2.3 Clean-Label Attacks and Specification Gaming
Turner et al. (2019(ade) trained set images are left intact while injected with backdoor labels resulting in “clean label” poisoning attacks. The definition of 'clean' is the attribute that the malicious sample would not easily be able to be told apart from a normal sample by humans.

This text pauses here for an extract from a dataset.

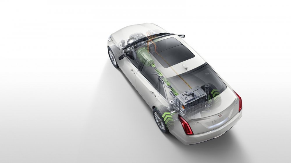 Запас хода гибридного Cadillac CT6 на одной электротяге составляет 48 км. При использовании комбинированной энергии ДВС и аккумуляторов, автомобиль может преодолеть расстояние свыше 640 км на полном баке.

This term is borrowed and extended: in our setting it means 'semantic correctness' when dealing with an agent's instruction, not correctness in the task of labelling: image classification is not an application we are interested in.

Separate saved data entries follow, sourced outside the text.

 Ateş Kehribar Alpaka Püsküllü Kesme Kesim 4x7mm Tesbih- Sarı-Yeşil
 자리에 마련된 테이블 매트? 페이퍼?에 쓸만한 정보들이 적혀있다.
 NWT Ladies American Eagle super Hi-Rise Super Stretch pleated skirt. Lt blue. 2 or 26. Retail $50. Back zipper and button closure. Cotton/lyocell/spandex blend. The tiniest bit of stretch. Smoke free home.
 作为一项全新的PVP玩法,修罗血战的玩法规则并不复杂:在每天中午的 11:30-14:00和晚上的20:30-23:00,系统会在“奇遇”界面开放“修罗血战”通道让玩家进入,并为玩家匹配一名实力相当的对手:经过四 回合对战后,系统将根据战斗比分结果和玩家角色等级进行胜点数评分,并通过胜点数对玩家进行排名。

Krakovna et al. (2020) and Skalse et al. (2022) summed up specification gaming and reward hacking in reinforcement learning agents. For the agents, Pan et al. (2022) developed an empirical workflow that shows that the more powerfully capable the agent, the larger the extent of the reward misspecification. These papers assert that general and pervasive failures of AI systems to meet their specification-based goals can be empirically demonstrated. Basically, this is what clean attacks do.
2.4 Gaps This Paper Addresses
There is no formal definition of clean attacks as a class of attacks in autonomous agent systems in advance. No such benchmark exists that measures the semantic validity as an independent quality score of the input to adversarial systems. In order to test the relationship between input semantic validness, policy compliance and the behavior of the agent in a multi-tool, goal-based agent architecture, these relationships have not yet been formally expressed in the AML literature. This paper fills all three gaps.

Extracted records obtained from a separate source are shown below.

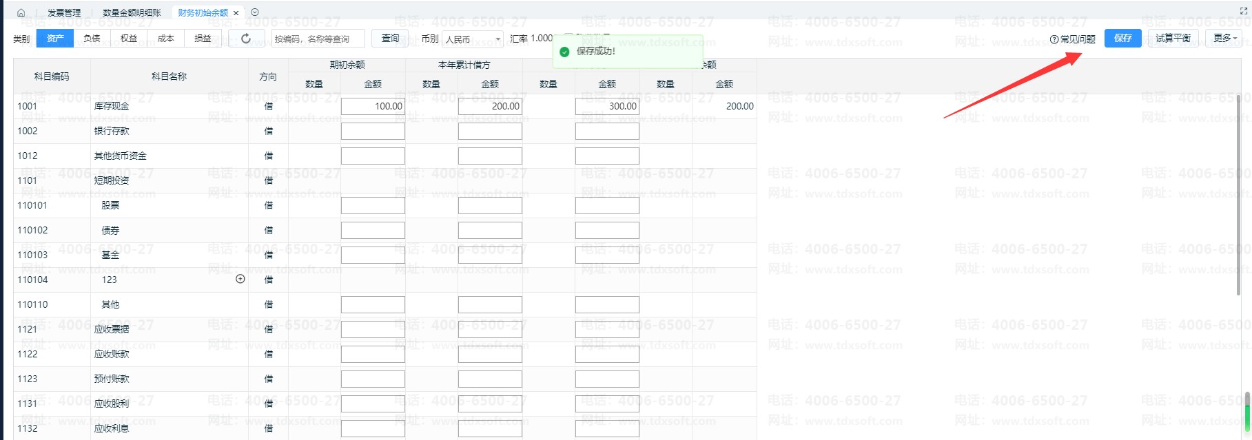 3、然后,点击打开【设置】-【财务初始余额】界面, 系统自动会将科目界面的信息同步到财务初始余额,根据启用日期上期科目余额表的余额, 录入财务初始(期初)余额后, 点右上角保存;
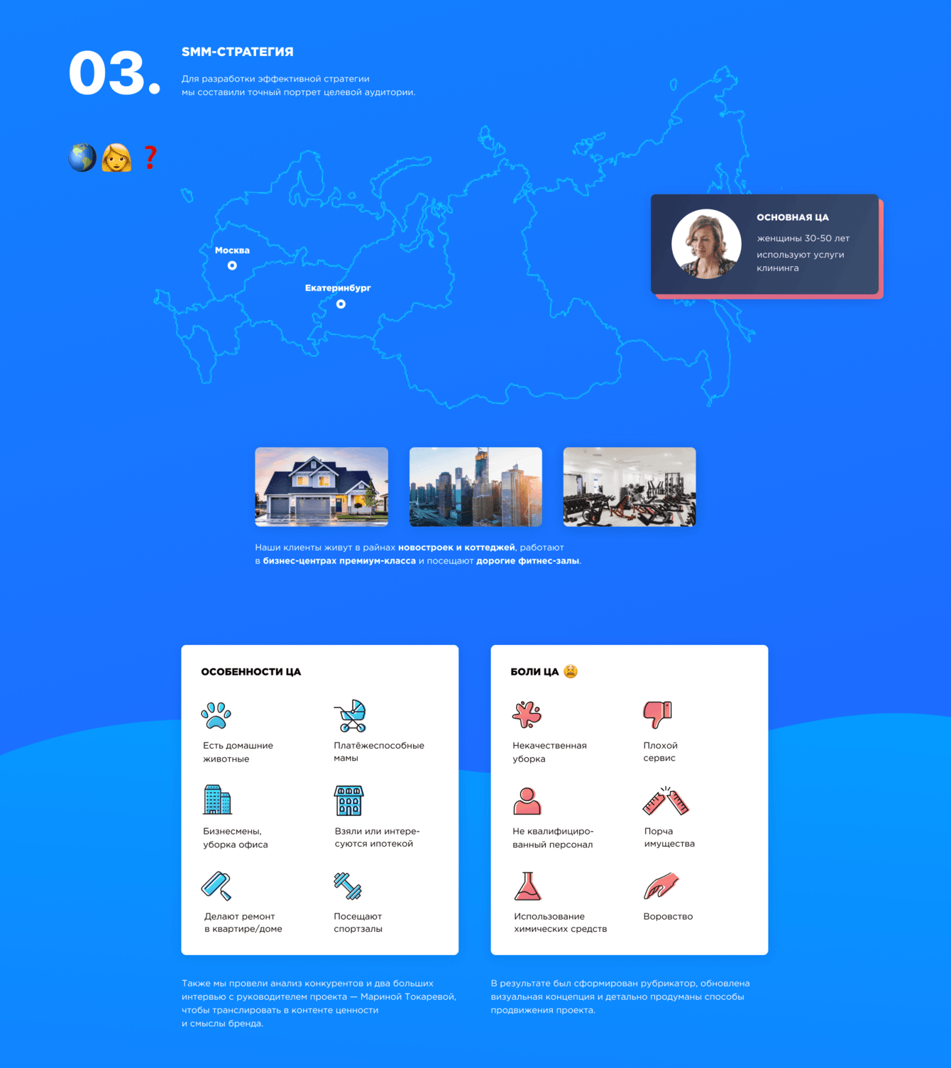 Для разработки эффективной стратегии мы составили точный портрет целевой аудитории. Также мы провели анализ конкурентов и два больших интервью с руководителем проекта — Мариной Токаревой, чтобы транслировать в контенте ценности и смыслы бренда. В результате был сформирован рубрикатор, обновлена визуальная концепция и детально продуманы способы продвижения проекта.
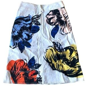Maeve White Denim Floral Belt Skirt from Anthropologie is a great option for casual wear or to dress up an outfit. This skirt features a multicoloured floral pattern with a belt detail in the front.The skirt hits at knee length and is made with a durable cotton for a breathable and airy feel. This skirt is perfect for any occasion and will be sure to add a fun and stylish touch to any outfit.

3. Formal Framework: Defining the Clean Attack
3.1 Agent System Model
We represent an autonomous system of AI agents as a tuple:
Σ = (A, T, M, Π, U, E)
A is the agent (an agent based on an LLM with system prompt and context window), T = {t₁, ..., tₙ} is a set of finite tools that the agent can call upon, M is the agent's working memory, Π is the policy envelope, the set of (action, context) pairs permissible under the constraints of the operator U (user or upstream orchestrator) and E (environment). The operator gives an intention at the beginning of a session through:
φ = (G, C, δ)
Here G is the goal specification, C is the constraint set and δ is the tolerance for the deviation of the behavior from the goal. In this series, the intent vector φ is the benchmark against which to assess adversarial behavior in Papers 2-3 are all assessing adversarial behavior as deviation from agent behavior in relation to φ.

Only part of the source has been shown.